What does this mean and how can I solve it? Thank you.

andrefaure commented 2 years ago

Hi @shrutivijayk,

There is a minimum number (and type) of variants that are required in order to proceed with fitting the fitness error model.

The type corresponds to variants that:

  1. are observed at least once (i.e. at least one read) in all input and output samples
  2. have a sufficient number of input reads to cover the full (empirical) fitness range. With a low number of input reads, the lower end of the fitness range (detrimental variants) is not properly estimated. So DiMSum estimates this minimum input read count threshold based on how the fitness distribution changes with increasing input counts.

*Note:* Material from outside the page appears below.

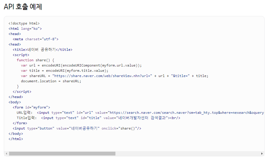 - 예를 들어 내가 네이버를 통해 내 페이지를 네이버 서비스에 공유하고 싶다면 네이버에서 제공하는 공유하기 API를 문서에서 제시하는대로 맞춰서 쓰면 된다.
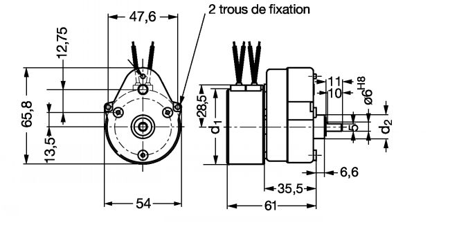 - Couple max. : 2 Nm (suivant vitesse de rotation).

The minimum number is defined as 30 * #experiment_replicates, so if you have 3 experiment_replicates you need at least 90 variants that are observed at least once in all samples and have input read counts above the threshold defined in [2] above.

The error you are getting means that currently the data is not meeting these requirements and this normally happens when there are very few variants retained from previous stages.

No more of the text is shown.